これに対して1ビットDACは、0と1の出力しか持たず、動作単位時間をサンプリング周波数の数百倍まで上げ、時間軸で振幅を表現する方式です。重みづけ素子を使わないので微小振幅のリニアリティが高くなりますが、ノイズシェーピングという技術により、量子化ノイズを可聴帯域外(20kHz以上)へと追いやるため、高周波帯域のノイズが多くなります。

●帯域外のノイズレベル比較

下のグラフはDACの方式によるノイズレベルの実測データです。
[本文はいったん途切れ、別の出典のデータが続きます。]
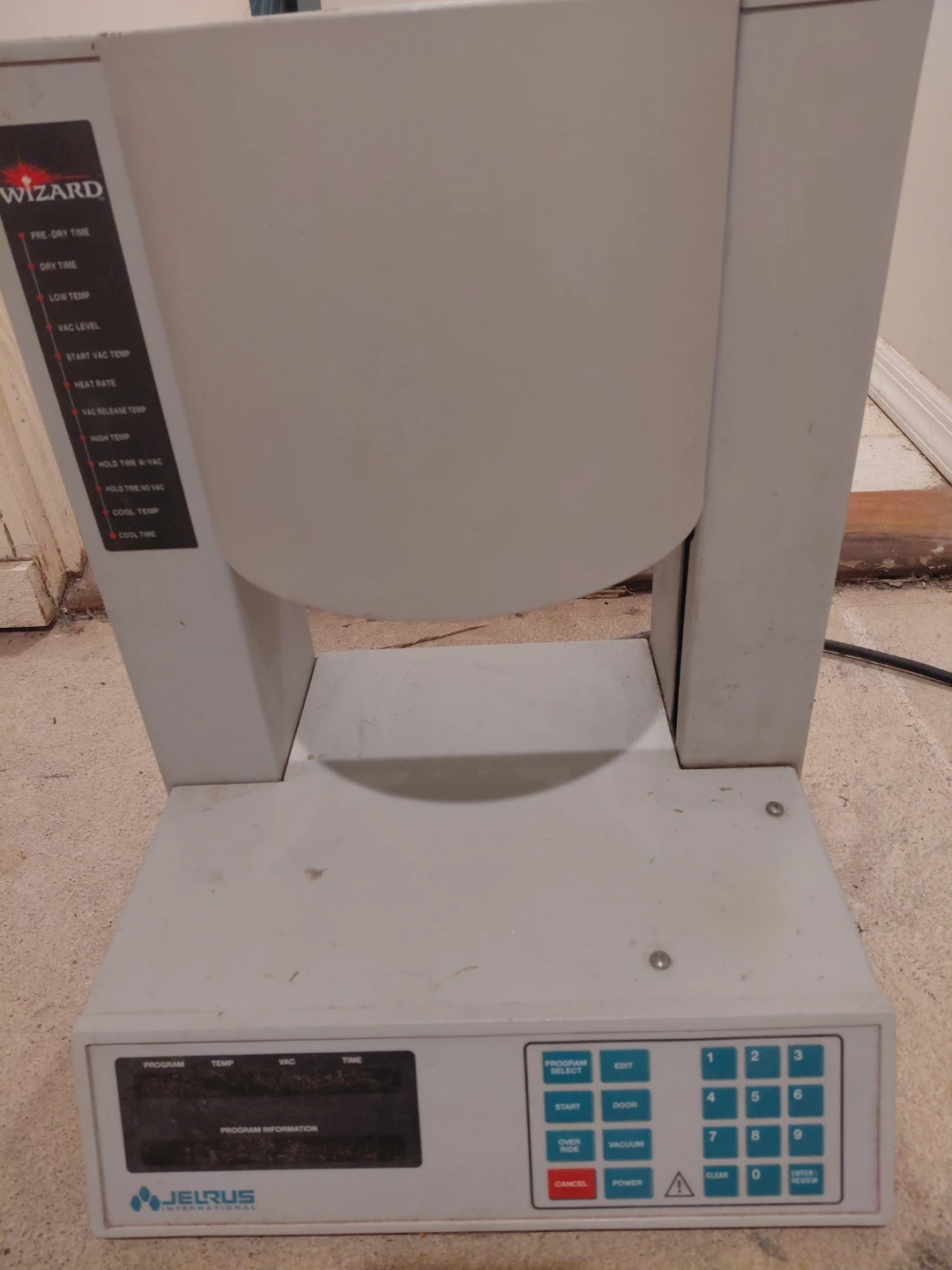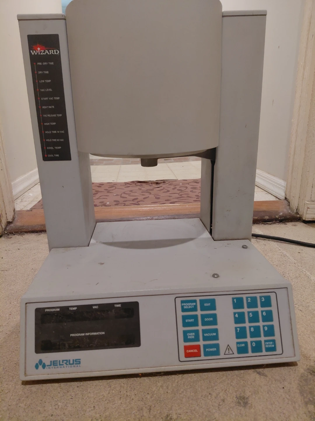 This is a Jelrus Wizard kiln. It has a digital display and keypad for programming temperature and time cycles. It features various settings for pre-dry time, low temp, vac level, and heat rate.

可聴帯域内の特性にはそれほど大きな差はありませんが、1ビットDACではマルチビットDACに比べて帯域外ノイズが非常に多いことがわかります。


 ●可聴帯域外ノイズレベル比較表

SE-80PCIのWM8716は、マルチビットと1ビットのハイブリッド方式を採用しています。すなわち、上位ビットをWolfson社独自のプロセスでリニアリティを高めたマルチビット方式とする一方、下位ビットを高精度な1ビット方式としているのです。実測データを見ても、マルチビットDACに近いレベルまで、可聴帯域外のノイズが低く抑えられていることがわかります。